Schoon en veilig werken in horeca, ambacht en retail
U moet voedsel op een hygiënische en veilige manier bereiden en bewaren. Er gelden bijvoorbeeld eisen voor de bewaartemperatuur van eten. De ruimtes waarin u voedsel bereidt, bewaart, verkoopt of serveert moeten schoon en veilig zijn. Zo voorkomt u dat mensen ziek worden van het voedsel. Lees hier hoe u aan de regels kunt voldoen.
Wat zijn de eisen voor het bewaren en bereiden van voedsel?
U moet voedsel bij de juiste temperatuur opslaan, bewaren, verhitten en terugkoelen. Dit controleert u met een digitale steekthermometer.

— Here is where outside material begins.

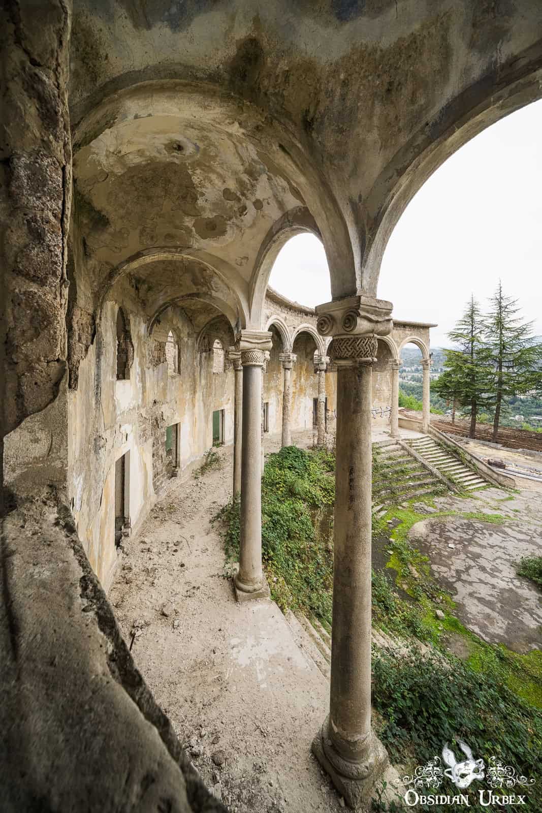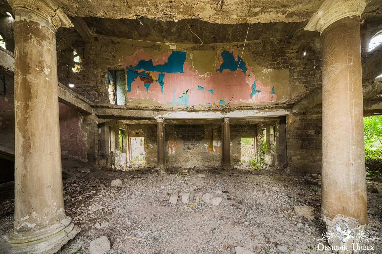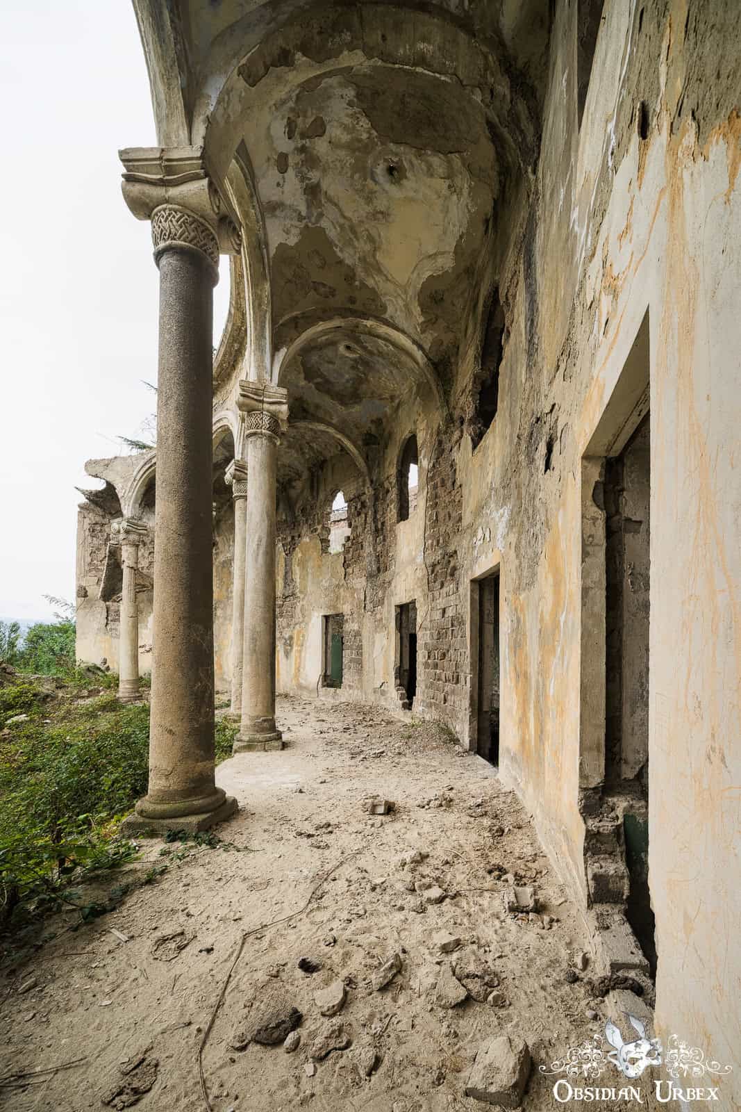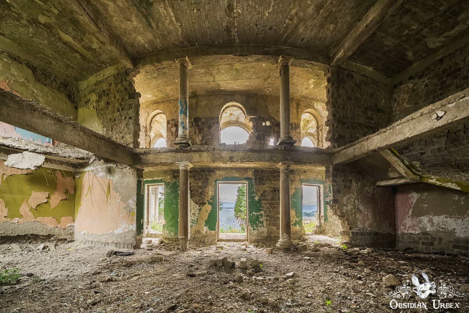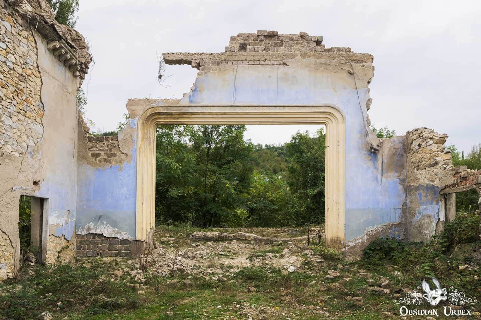 The Former Pioneer Palace stands atop a hillside overlooking the town of Chiatura, Georgia. Once a bustling cultural centre, it is now little more than a crumbling ruin. The impressive curved front is lined with colonnades, creating a striking facade. Inside, the remnants of a collapsed theatre can be found, with the proscenium arch and rear wall still standing, even though the roof fell in long ago.

Bewaar voorverpakt en onverpakt voedsel op de juiste temperatuur
- U moet voedsel op een schone plek en bij de juiste temperatuur bewaren. Bijvoorbeeld in een koelkast, vriezer of warmhoudkast. Zorg dat de bewaarplek schoon is en op de juiste temperatuur. Controleer dit regelmatig met een digitale steekthermometer.
- Bij voorverpakt voedsel geldt het volgende:
- Op het etiket moet staan bij welke temperatuur u het product moet bewaren. Ontbreekt deze informatie? Bewaar het product dan bij een temperatuur van 7°C of lager. Of -18°C of lager als het een diepvriesproduct is.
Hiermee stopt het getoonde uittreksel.